Aku melangkah menuju teras rumah di mana sebelum siraman, tradisi Bleketepe lebih dulu dilangsungkan yaitu dengan memasang anyaman daun pisang di langit-langit pintu utama rumah oleh ayahku, lalu pemasangan tuwuhan seperti padi-padian dan pisang. Setelah rangkaian proses itu selesai, barulah aku digiring menuju kendi siraman di mana di sana sembilan anggota keluargaku tengah menunggu sesuai dengan adat jawa yang mengharuskan pengguyur siraman berjumlah ganjil, suasana khidmat seketika mengharu biru, selangkah lagi. Selangkah lagi.
Bunyi petasan begitu ramai menandakan Dimas pengantinku sudah tiba, iring-iringan pmbawa baki seserahanpun tak kalah ramainya, aku berdiri di gerbang rumah bersama kedua orangtuaku yang bersiap mengalungkan bunga melati untuk calon menantunya, senyuman terukir jelas di wajah Dimas, selangkah lagi.
Sejak tadi pagi aku tak melihat Nadya, padahal sebentar lagi akad nikahku mulai, tinggal menunggu tamu undangan berdatangan, mungkin Nadya masih berdandan pikirku, aku kembali membetulkan posisi duduk, mengatur napas agar terlihat tenang di hadapan penghulu.
Aneh, hampir satu jam tamu undanganku belum rampung, mungkin masih bisa dihitung dengan jari, tetangga dekatku pun belum Nampak, aku gelisah begitupun dengan Dimas. Sementara di depanku sang penghulu terlihat mulai kegerahan, aku semakin gelisah, tiba-tiba dari luar rumah terdengar suara kerumunan orang begitu ramai, di antara mereka terdengar berteriak setengah menghardik, keluargaku dan keluarga Dimas terlihat sangat terkejut lalu kami brhmburan keluar rumah memastikan apa yang terjadi.

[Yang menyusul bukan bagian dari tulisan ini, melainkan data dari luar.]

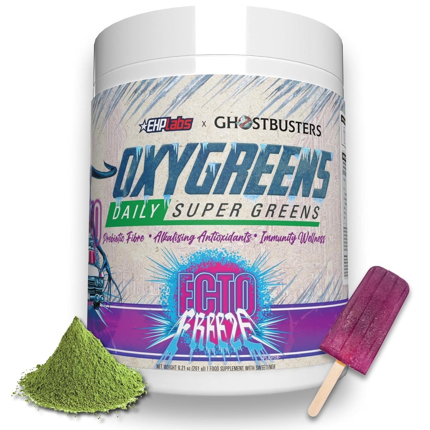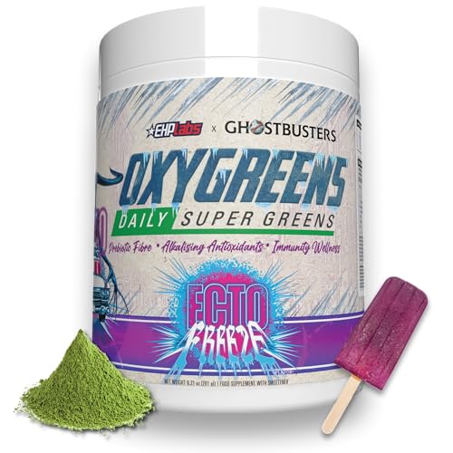 EHPlabs x Ghostbusters Frozen Empire: OxyGreens Super Greens Powder Superfood - Spirulina & Greens Supplement w/Prebiotic Fibre, Antioxidants & Immunity Support. Ecto Freeze (Grape Lollipop) 30 Serve
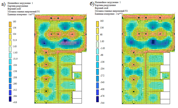 Анализ изолиний главных напряжений позволяет сделать вывод, что напряжения в верхнем слое одинаковы для первого и второго варианта расчетных моделей. Напряжения в нижнем слое плиты перекрытия по второй схеме увеличились на 31 % при автоматическом учете нелинейных свойств бетона.

“Gimana nih warga keracunan gara-gara makan besekan dari sini kemarin” Seru seorang warga.
“Iya, saya sekeluarga harus dirawat di rumah sakit nih!” Seru warga yang lain.
Aku semkin panik, mengapa mereka keracunan? Ya Tuhan warga mulai agresif merusak riasan di depan rumahku, menendang meja penjaga tamu dan merusak gapura bertahta melati serta mengobrak-abrik kursi tamu yang sudah ditata rapi. Aku melihat ayah Dimas mulai geram, calon mertuaku itu lalu menarik Ibu Dimas untuk pulang meninggalkan rumahku, meninggalkan pernikahan kita yang belum sempat dimulai.
“Kita kena sawan manten!!” Dimas berteriak mulai putus asa, sementara hatiku berteriak lain; “Nadya!!!!”